ACTIVITY:
Pictures in the listing do not belong in the copy, which should repeat exactly the lines from the one holding "mm x 550 mm." through the last line.

== GIVEN DATA ==

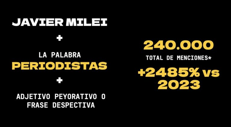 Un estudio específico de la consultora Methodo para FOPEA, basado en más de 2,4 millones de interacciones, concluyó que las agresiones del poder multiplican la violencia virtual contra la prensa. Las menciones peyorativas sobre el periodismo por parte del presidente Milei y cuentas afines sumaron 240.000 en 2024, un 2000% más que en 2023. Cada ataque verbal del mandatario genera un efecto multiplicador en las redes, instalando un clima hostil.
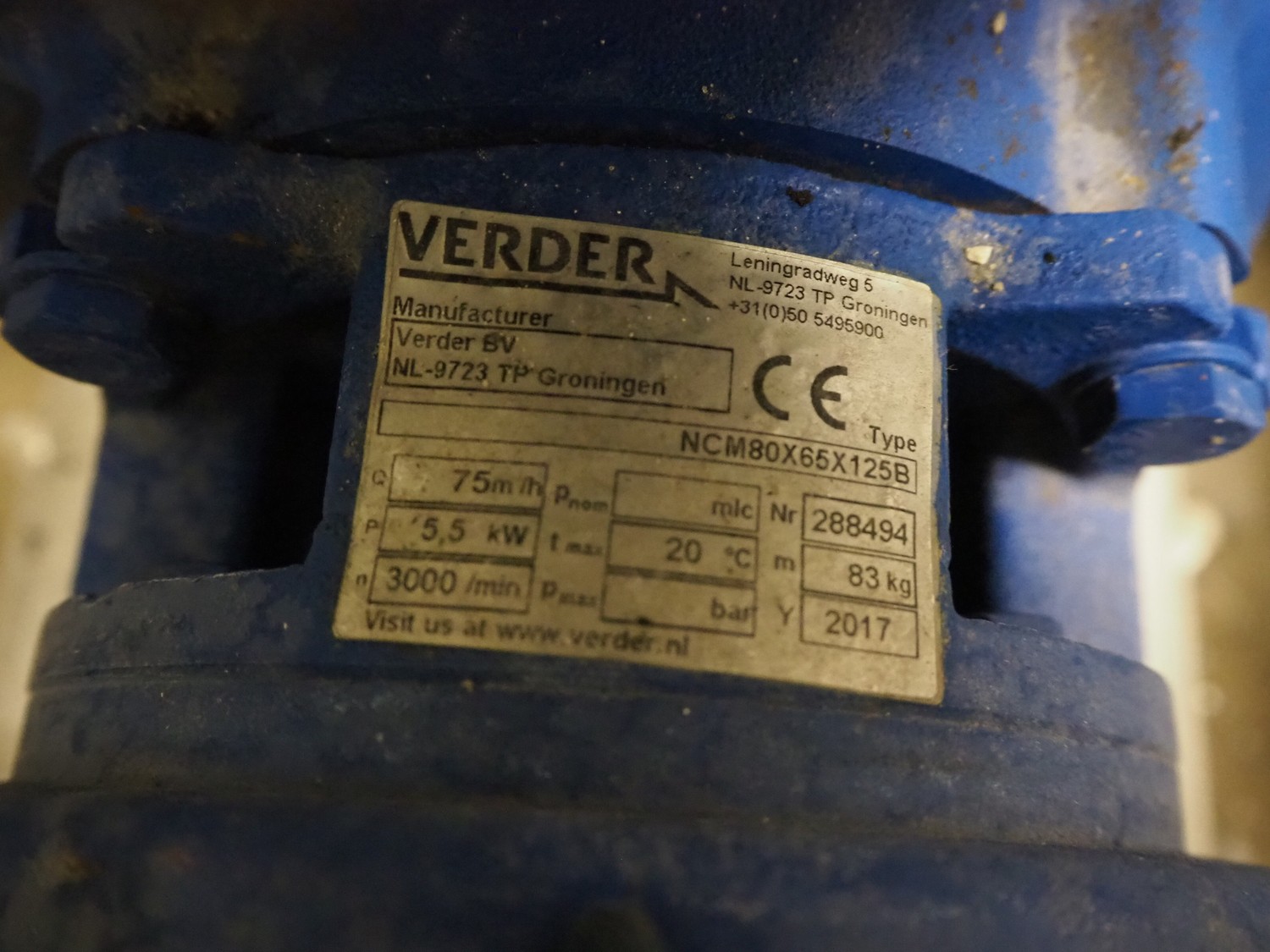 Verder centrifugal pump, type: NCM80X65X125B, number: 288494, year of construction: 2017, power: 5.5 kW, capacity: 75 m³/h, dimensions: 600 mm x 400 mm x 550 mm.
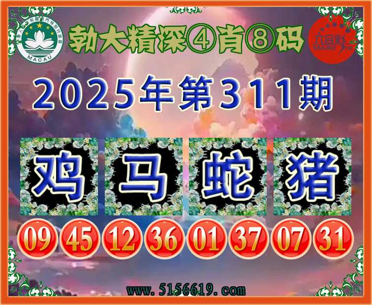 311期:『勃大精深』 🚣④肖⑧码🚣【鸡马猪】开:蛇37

===

RESULT OF THIS TASK:
 Verder centrifugal pump, type: NCM80X65X125B, number: 288494, year of construction: 2017, power: 5.5 kW, capacity: 75 m³/h, dimensions: 600 mm x 400 mm x 550 mm.
 311期:『勃大精深』 🚣④肖⑧码🚣【鸡马猪】开:蛇37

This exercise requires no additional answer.